2. Planning foundations
 

 

2.3.3     Civil Code, Criminal Code and Administrative Offences Act

Noise as an aspect of civil law is treated in the German Civil Code (Bürgerliches Gesetzbuch, BGB) (available in German), especially in the following articles:

§ 906 (Impacts from the neighbouring plot)
"The owner of a plot of land cannot prohibit the impacts of gases, vapours, smells, smoke, soot, heat, noises, vibrations and such coming from another plot insofar as these impacts do not or only insignificantly impair the use of the plot of land. The same applies to a significant impairment by a customary use of the other plot which cannot be prevented by economically reasonable measures. If the owner must hereafter tolerate an impact, he can demand an appropriate financial compensation from the user of the other plot if the impact impairs the customary use of the plot or its proceeds beyond reasonable measure. ..."

§ 1004 (Right to an injunction)
"If the ownership is impaired other than by removal or withholding of the possession, the owner can demand remedy of the impairment from the interferer. If there are other impairments, the owner may seek a prohibitory injunction. This right is excluded if the owner is obliged to tolerate the impairment."

Various legal rulings on the reasonableness of noise from sports facilities and traffic, which may have a similar impact like an inverse condemnation, had a major influence on the regulations on traffic noise protection (see section 3.1).

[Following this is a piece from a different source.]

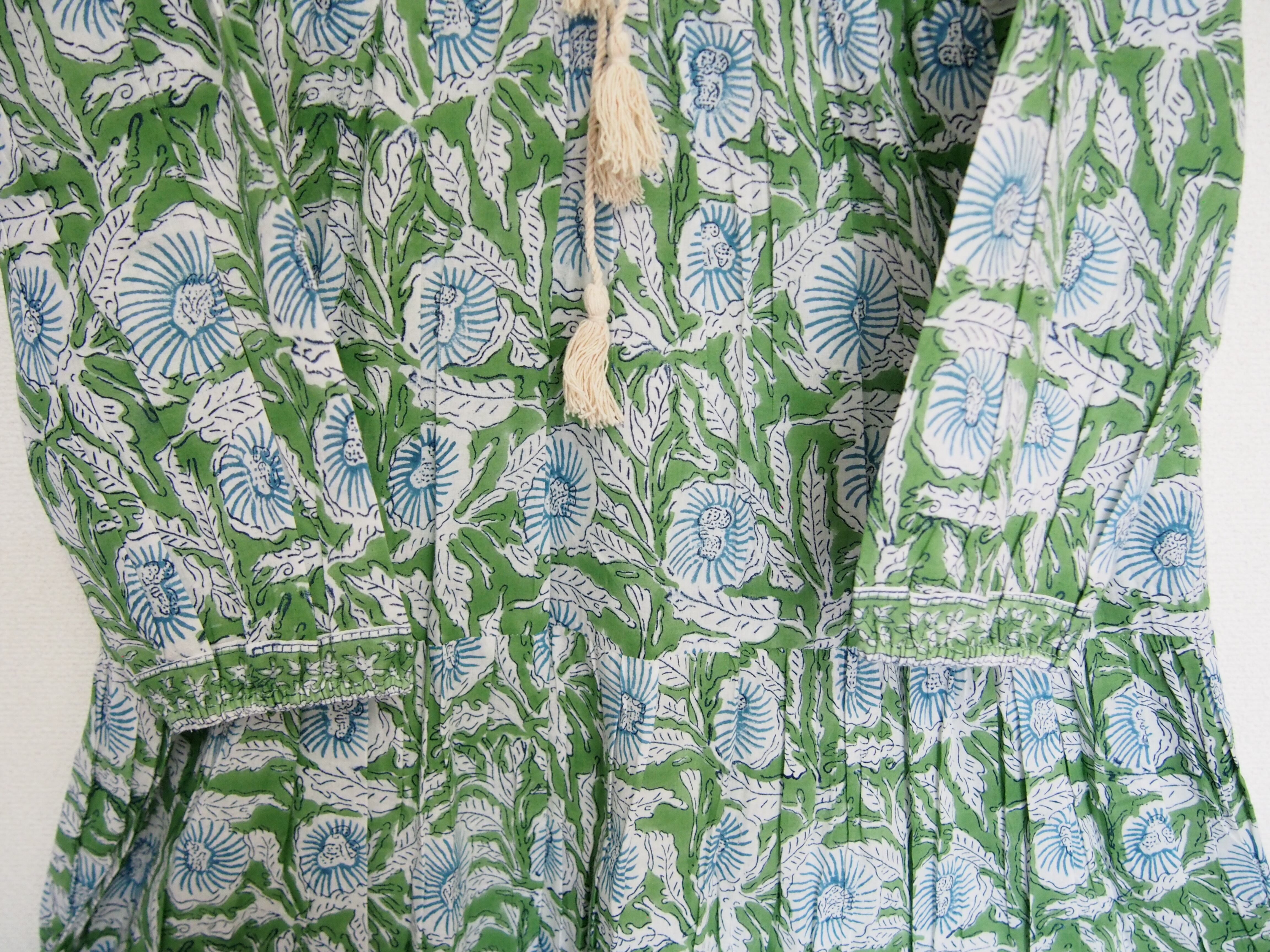 インドの伝統工芸であるハンドブロックプリントで作られたワンピースです。

Emitters of noise can be prosecuted. The 18th amendment to the Criminal Code (Strafgesetzbuch, StGB) includes a section on "Crimes Against The Environment", with § 325, § 325a (Air Pollution and Noise) replacing § 63 (Offences) of the Federal Immission Control Act.

According to § 325a para. 1 of the Criminal Code "whoever, in the operation of a facility, especially a plant or machine, in violation of duties under administrative law, causes noise which is capable of harming the health of another outside of the area belonging to the facility, shall be punished with imprisonment for not more than three years or a fine". This shall not apply to motor vehicles, rail vehicles, aircraft or watercraft.

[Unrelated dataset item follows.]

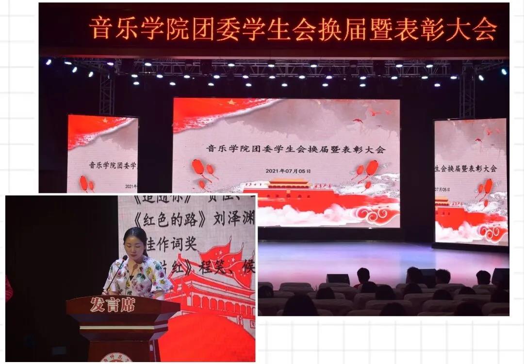 7月5日晚,2021年团委员工会换届暨表彰大会于音乐厅顺利召开。参加本次大会的有音乐公司党总支副书记陈雅斐,分团委书记刘颖,辅导员黄鹤飞老师,20、21届团委员工会全体成员以及18、19、20级班委。
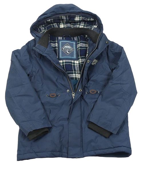 Tmavomodrá šusťáková zimní bunda s nášivkou a kapucí Tu

In the case of noise as a consequence of individual behaviour, § 117 (Inadmissible noise) of the Administrative Offences Act (Gesetz über Ordnungswidrigkeiten, OWiG) (available in German) is to be applied. It reads as follows:

"Anyone who, without justified reason and to an inadmissible or avoidable extent, causes noise which is capable of annoying the general public or the neighbourhood substantially or of harming the health of another commits an administrative offence."

Such offences are punished with a fine.

For the selection of the administrative treatment of remedial measures it is important to make a distinction between noise caused by an installation and noise caused by individual behaviour as the ordinances of the Federal Immission Control Act are to be applied in the first case and those of the Administrative Offences Act in the second. In the context of noise from sports and leisure facilities, restaurants and amusement parks for example it is hardly possible to separate purely technical operational noise from the visitors' activities, cheers and roars (see chapter 5 and section 6.4). This why city planning must never neglect the social aspects determined by individual behaviour in connection with intended uses.